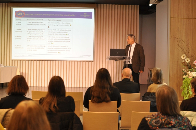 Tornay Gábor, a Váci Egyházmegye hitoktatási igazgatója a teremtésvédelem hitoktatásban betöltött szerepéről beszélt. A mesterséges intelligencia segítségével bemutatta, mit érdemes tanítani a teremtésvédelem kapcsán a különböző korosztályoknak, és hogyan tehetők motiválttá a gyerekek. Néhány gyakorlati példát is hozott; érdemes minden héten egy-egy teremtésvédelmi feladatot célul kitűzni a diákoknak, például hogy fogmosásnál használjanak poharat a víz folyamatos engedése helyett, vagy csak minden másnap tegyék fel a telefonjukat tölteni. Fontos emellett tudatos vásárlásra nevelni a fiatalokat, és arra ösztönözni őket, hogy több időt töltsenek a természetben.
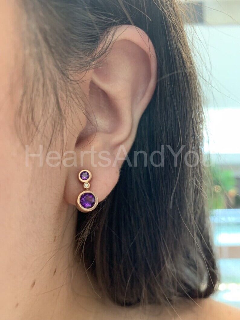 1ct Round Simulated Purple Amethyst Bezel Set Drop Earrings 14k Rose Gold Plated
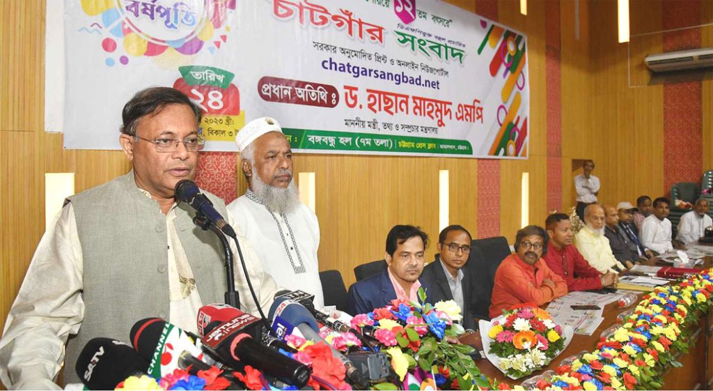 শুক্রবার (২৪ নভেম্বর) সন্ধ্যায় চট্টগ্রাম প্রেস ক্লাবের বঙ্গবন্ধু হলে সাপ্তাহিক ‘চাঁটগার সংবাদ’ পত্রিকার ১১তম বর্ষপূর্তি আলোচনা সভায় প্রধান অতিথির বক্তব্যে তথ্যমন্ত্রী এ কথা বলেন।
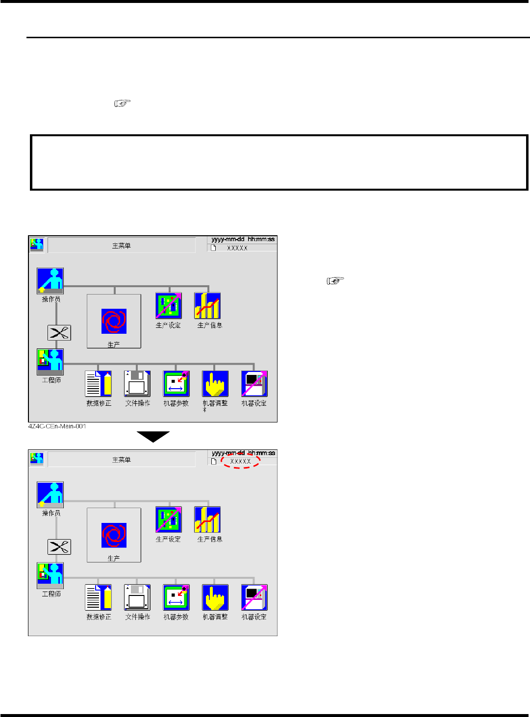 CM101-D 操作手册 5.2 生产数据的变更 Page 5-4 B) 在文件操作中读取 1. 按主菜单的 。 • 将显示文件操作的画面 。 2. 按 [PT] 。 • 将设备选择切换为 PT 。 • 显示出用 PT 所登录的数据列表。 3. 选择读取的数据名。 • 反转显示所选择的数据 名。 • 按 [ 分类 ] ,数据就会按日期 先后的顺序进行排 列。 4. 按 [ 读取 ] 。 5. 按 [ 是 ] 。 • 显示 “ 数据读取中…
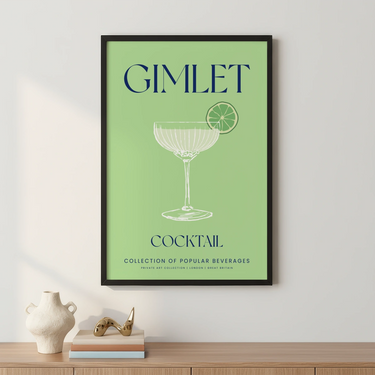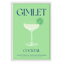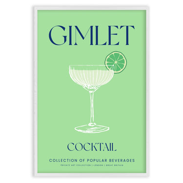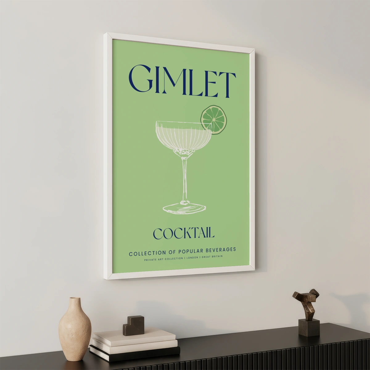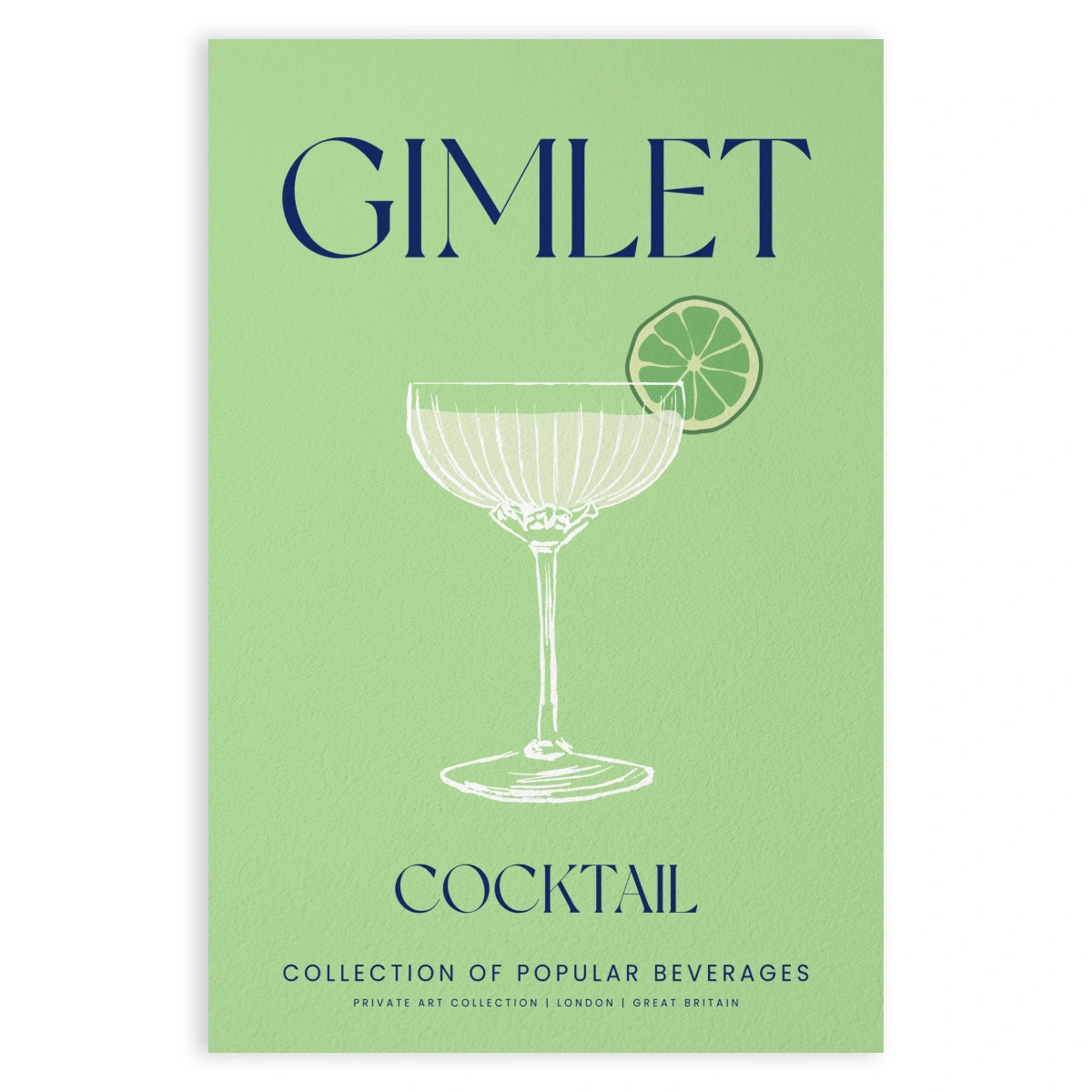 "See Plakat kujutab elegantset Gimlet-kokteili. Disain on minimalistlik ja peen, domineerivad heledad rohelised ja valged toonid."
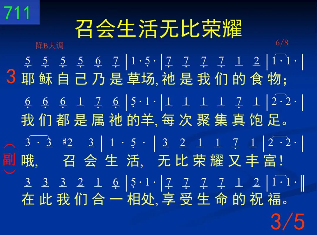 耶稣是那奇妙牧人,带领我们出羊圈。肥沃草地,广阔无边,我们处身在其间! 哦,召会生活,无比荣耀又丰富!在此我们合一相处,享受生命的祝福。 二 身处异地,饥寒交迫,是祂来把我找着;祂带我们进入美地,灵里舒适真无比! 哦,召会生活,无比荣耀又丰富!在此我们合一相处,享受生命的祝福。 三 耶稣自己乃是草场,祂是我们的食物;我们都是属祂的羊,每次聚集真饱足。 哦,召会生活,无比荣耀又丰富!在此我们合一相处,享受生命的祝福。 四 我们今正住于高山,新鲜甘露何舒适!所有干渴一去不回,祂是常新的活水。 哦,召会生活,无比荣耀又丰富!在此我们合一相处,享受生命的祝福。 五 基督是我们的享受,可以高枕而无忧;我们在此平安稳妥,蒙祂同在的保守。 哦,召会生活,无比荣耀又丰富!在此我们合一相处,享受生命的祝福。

.....

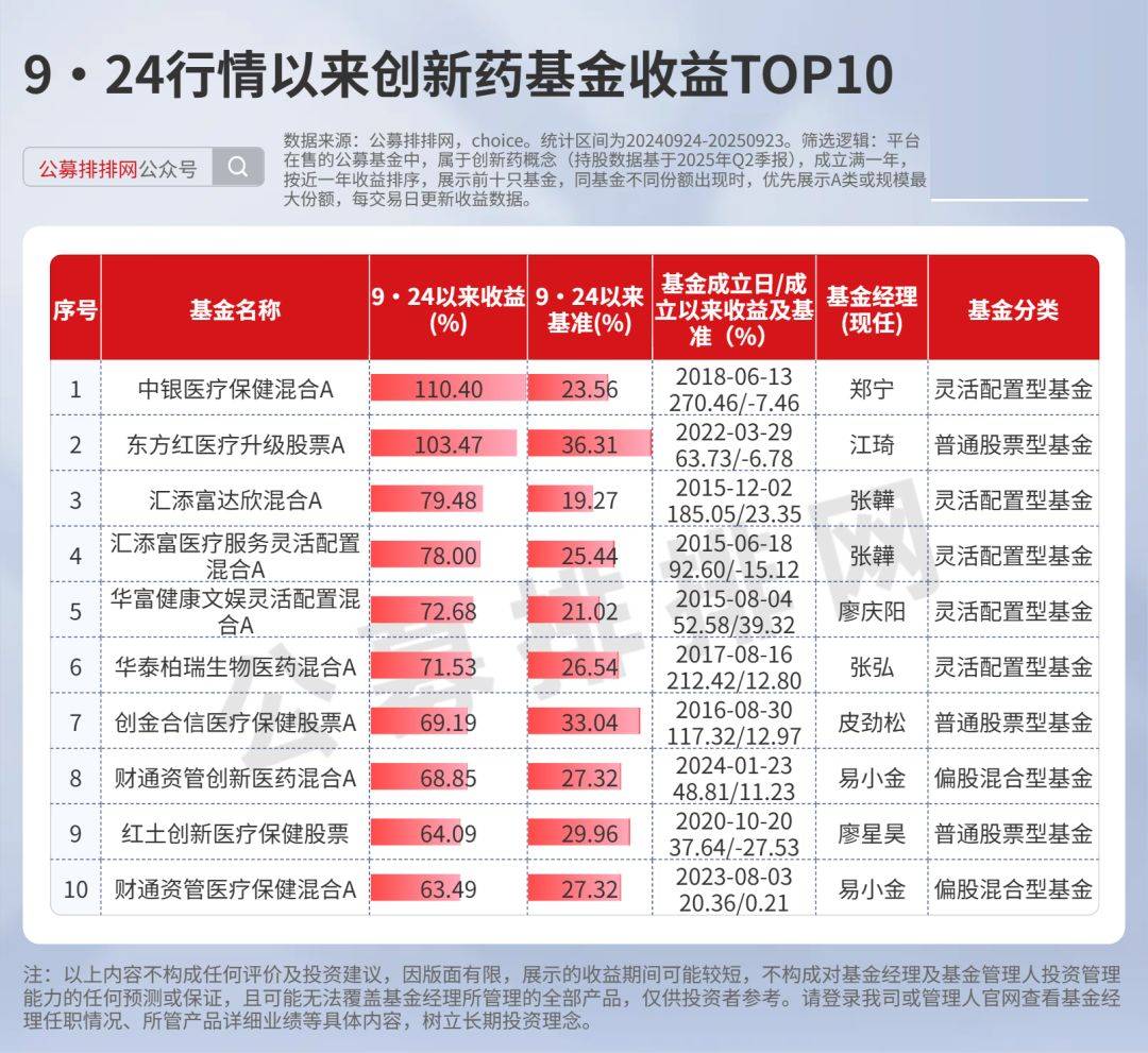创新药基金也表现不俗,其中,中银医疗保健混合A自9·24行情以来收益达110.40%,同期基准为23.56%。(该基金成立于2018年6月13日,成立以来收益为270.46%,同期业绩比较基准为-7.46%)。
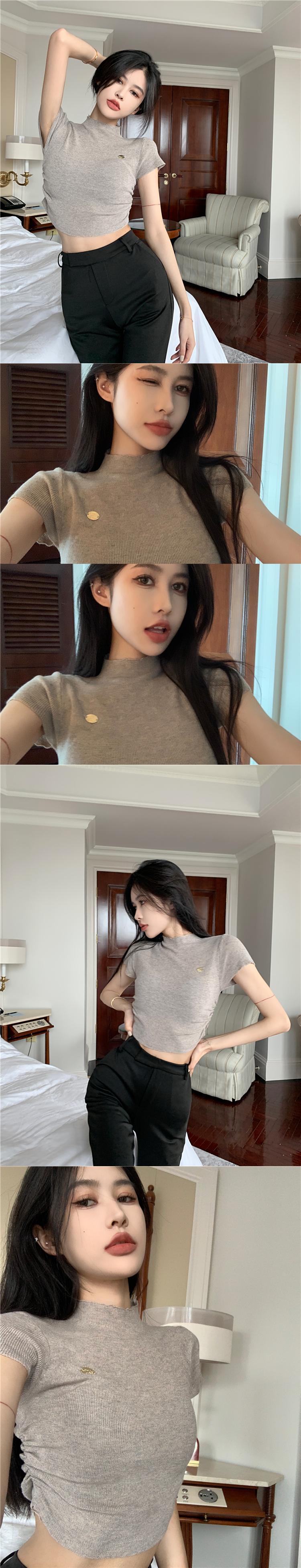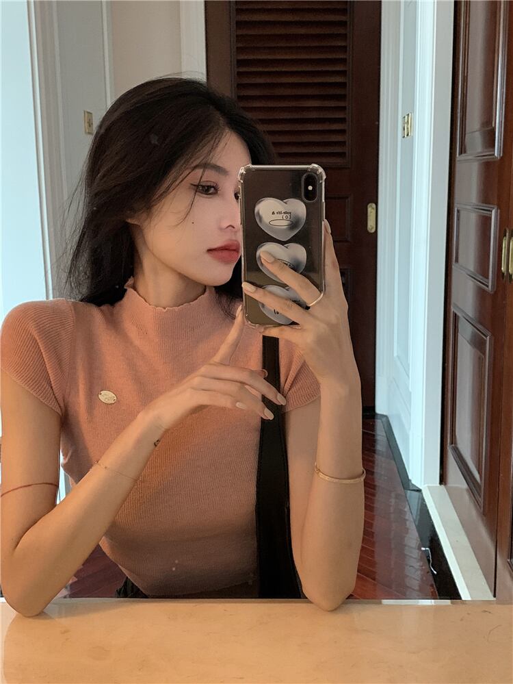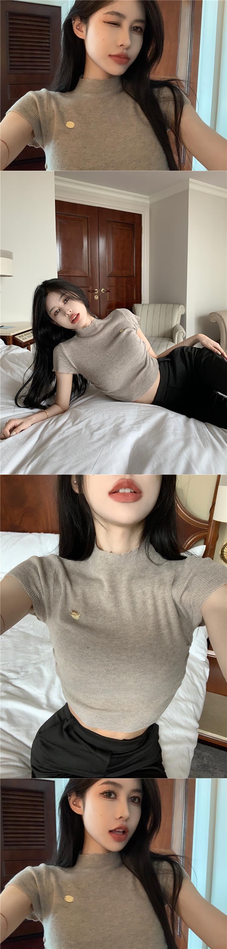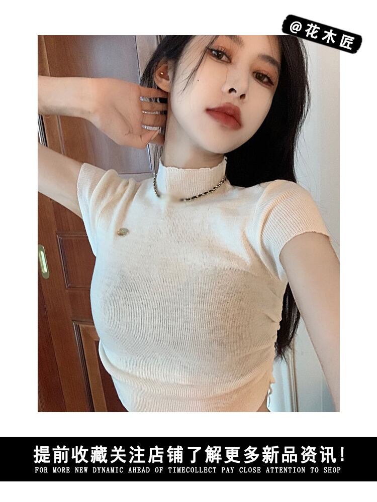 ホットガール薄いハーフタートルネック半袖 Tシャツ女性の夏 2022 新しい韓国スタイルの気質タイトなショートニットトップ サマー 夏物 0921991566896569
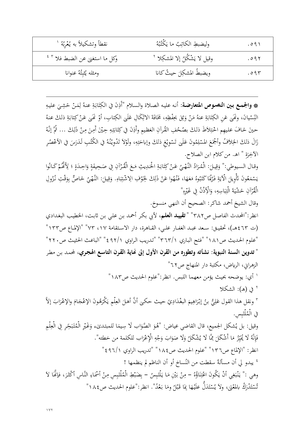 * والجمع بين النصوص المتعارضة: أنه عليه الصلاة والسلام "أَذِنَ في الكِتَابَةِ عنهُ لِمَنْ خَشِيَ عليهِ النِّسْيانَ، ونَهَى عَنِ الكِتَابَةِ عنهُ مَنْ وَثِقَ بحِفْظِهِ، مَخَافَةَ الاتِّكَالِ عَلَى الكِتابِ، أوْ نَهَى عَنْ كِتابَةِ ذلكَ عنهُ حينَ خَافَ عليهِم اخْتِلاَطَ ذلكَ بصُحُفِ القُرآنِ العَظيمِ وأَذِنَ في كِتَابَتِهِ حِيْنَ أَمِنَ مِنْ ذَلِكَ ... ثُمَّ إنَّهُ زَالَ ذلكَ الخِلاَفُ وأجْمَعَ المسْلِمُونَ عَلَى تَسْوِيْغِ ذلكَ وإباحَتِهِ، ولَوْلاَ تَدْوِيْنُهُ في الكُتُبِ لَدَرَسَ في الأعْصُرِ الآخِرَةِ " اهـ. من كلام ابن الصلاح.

.....

WHAT THE EXERCISE ASKS: Print everything from the line with "Tornay Gábor, a" down to the line with "1ct Round Simulated" in the entries above, both lines included and nothing more, without the pictures.

RESULT:
 Tornay Gábor, a Váci Egyházmegye hitoktatási igazgatója a teremtésvédelem hitoktatásban betöltött szerepéről beszélt. A mesterséges intelligencia segítségével bemutatta, mit érdemes tanítani a teremtésvédelem kapcsán a különböző korosztályoknak, és hogyan tehetők motiválttá a gyerekek. Néhány gyakorlati példát is hozott; érdemes minden héten egy-egy teremtésvédelmi feladatot célul kitűzni a diákoknak, például hogy fogmosásnál használjanak poharat a víz folyamatos engedése helyett, vagy csak minden másnap tegyék fel a telefonjukat tölteni. Fontos emellett tudatos vásárlásra nevelni a fiatalokat, és arra ösztönözni őket, hogy több időt töltsenek a természetben.
 1ct Round Simulated Purple Amethyst Bezel Set Drop Earrings 14k Rose Gold Plated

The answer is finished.